TASK:
Scan the data that follows and count the lines with the string "belt"; answer with the count alone.

────

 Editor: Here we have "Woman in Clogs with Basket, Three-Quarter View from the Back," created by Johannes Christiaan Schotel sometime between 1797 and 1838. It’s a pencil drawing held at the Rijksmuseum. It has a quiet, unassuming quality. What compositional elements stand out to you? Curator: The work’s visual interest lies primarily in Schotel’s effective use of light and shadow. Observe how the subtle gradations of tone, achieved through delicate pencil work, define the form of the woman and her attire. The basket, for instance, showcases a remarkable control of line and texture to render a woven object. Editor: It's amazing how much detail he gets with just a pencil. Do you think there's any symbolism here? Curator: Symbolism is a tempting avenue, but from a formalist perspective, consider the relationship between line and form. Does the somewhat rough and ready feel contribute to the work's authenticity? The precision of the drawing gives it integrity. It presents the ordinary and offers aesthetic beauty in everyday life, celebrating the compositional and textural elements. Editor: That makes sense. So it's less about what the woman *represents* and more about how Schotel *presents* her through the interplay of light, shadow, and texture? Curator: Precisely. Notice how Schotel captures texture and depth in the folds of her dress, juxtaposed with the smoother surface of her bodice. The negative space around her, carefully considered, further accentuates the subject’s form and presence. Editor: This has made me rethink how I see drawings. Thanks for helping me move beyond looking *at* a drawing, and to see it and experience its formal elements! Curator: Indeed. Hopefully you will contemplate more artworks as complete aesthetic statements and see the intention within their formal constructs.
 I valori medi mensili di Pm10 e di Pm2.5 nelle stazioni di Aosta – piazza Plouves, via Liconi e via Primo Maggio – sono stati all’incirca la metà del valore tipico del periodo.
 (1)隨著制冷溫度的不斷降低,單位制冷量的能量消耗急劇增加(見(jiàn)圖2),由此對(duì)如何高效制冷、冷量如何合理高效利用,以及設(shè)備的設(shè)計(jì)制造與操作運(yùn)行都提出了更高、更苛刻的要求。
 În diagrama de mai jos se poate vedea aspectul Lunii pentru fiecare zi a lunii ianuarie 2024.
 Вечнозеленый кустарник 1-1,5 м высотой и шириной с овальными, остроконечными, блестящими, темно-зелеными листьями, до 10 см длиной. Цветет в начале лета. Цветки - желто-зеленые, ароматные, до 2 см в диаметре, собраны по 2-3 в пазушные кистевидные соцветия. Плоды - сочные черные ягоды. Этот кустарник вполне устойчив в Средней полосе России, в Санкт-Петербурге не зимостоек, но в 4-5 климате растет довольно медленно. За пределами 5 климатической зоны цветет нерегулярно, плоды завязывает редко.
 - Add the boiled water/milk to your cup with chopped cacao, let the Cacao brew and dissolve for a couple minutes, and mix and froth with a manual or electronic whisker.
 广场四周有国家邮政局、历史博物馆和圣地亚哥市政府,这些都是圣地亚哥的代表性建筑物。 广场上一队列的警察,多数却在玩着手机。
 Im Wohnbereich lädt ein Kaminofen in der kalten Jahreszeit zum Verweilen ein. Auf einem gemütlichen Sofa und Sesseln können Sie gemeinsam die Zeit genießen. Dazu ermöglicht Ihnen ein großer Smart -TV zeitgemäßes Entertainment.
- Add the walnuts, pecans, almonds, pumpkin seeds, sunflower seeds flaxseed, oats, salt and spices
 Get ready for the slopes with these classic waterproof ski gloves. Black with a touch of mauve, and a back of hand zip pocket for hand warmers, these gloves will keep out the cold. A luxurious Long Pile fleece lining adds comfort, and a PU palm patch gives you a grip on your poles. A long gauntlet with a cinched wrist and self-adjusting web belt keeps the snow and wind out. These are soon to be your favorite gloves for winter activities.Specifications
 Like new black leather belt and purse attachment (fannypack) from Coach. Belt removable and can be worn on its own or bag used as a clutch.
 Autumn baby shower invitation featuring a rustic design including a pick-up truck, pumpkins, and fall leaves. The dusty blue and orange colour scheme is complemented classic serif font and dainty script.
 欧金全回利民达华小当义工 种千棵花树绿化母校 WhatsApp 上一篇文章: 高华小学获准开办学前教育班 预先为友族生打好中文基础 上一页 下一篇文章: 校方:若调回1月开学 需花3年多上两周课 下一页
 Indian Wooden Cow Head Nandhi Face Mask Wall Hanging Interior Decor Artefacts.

────

WRITTEN RESPONSE:
2